(Problem statement):
No pictures belong in the copy. Restate the rest of the data exactly.

(Data segment):

--- START ---

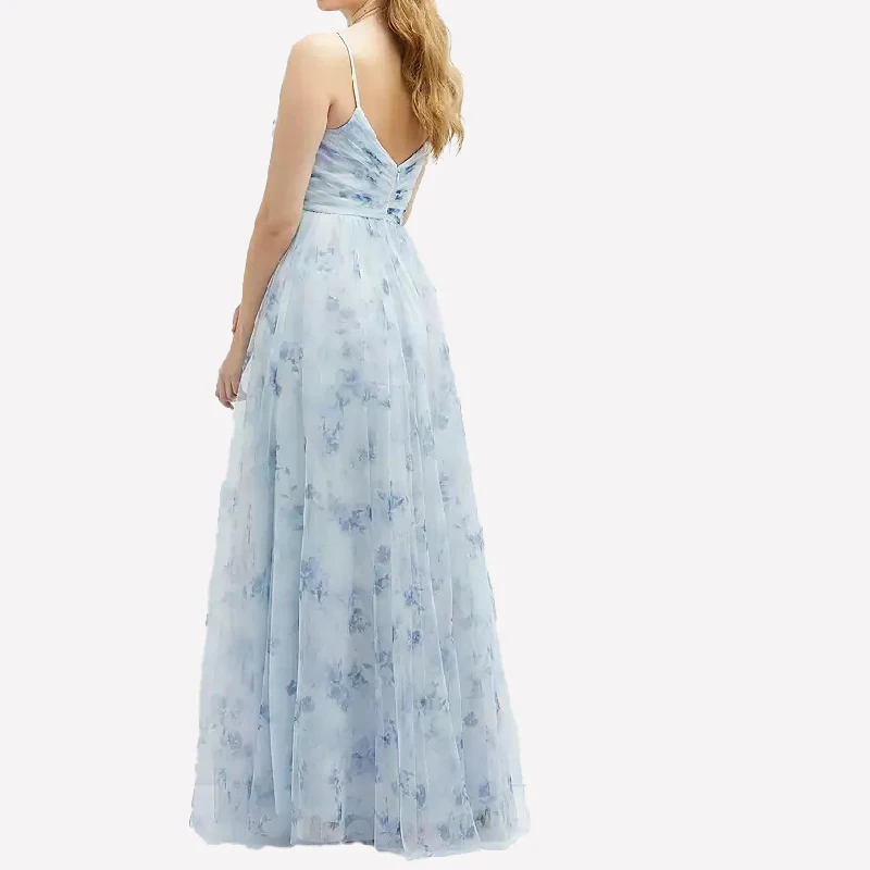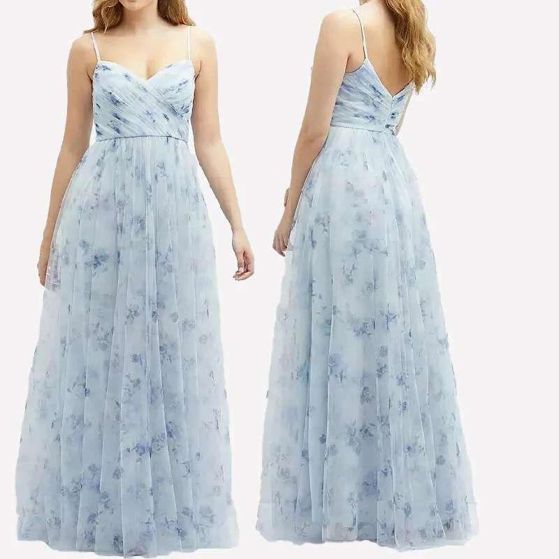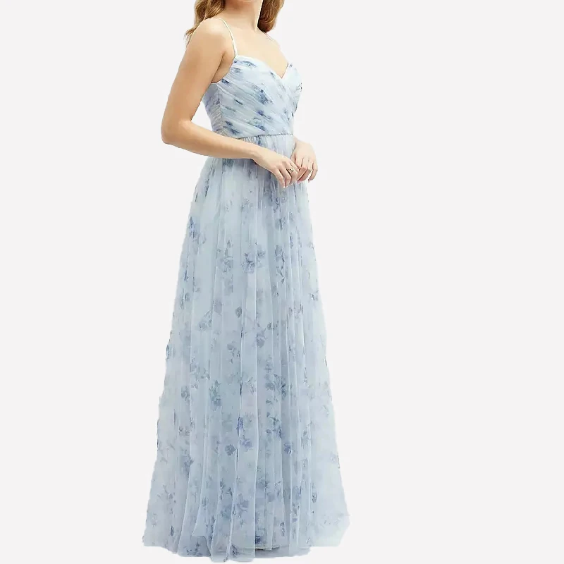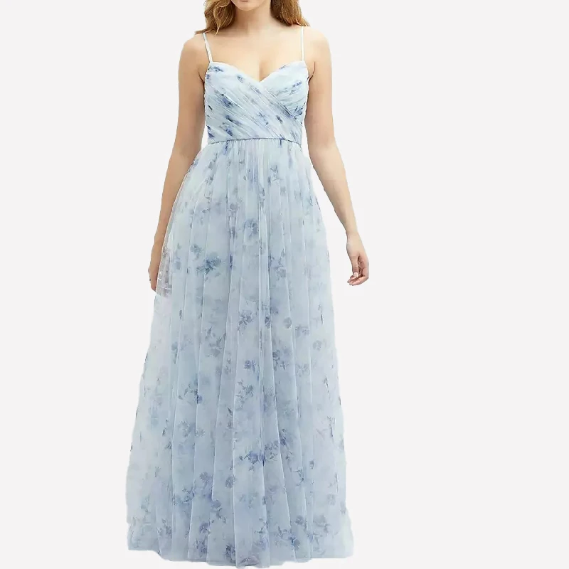 Spaghetti Straps Pleated Ruched Wrap Bodice Floral Tulle Bridesmaid Dress with Long Full Skirt
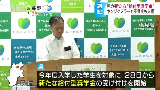 長野県は今年度から新たな給付型の奨学金を創設し、家族の介護を担っていたヤングケアラーやかつて不登校だった大学生なども対象に、学びを支援していくことを明らかにしました。
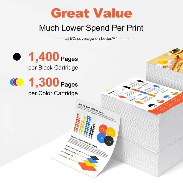 Less: 1, 400 pages per Black cartridge and 1, 300 pages per Cyan Magenta Yellow cartridge at 5% coverage (Letter/A4).
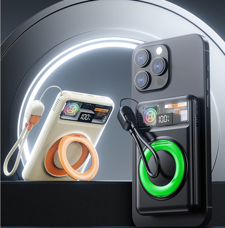 15W MagSafe Wireless Charger Digital Display 10000mAh 20000mAh Ultra-thin Portable Power Bank with Stand Cable

--- END ---

(Solution below):
 Spaghetti Straps Pleated Ruched Wrap Bodice Floral Tulle Bridesmaid Dress with Long Full Skirt
 長野県は今年度から新たな給付型の奨学金を創設し、家族の介護を担っていたヤングケアラーやかつて不登校だった大学生なども対象に、学びを支援していくことを明らかにしました。
 Less: 1, 400 pages per Black cartridge and 1, 300 pages per Cyan Magenta Yellow cartridge at 5% coverage (Letter/A4).
 15W MagSafe Wireless Charger Digital Display 10000mAh 20000mAh Ultra-thin Portable Power Bank with Stand Cable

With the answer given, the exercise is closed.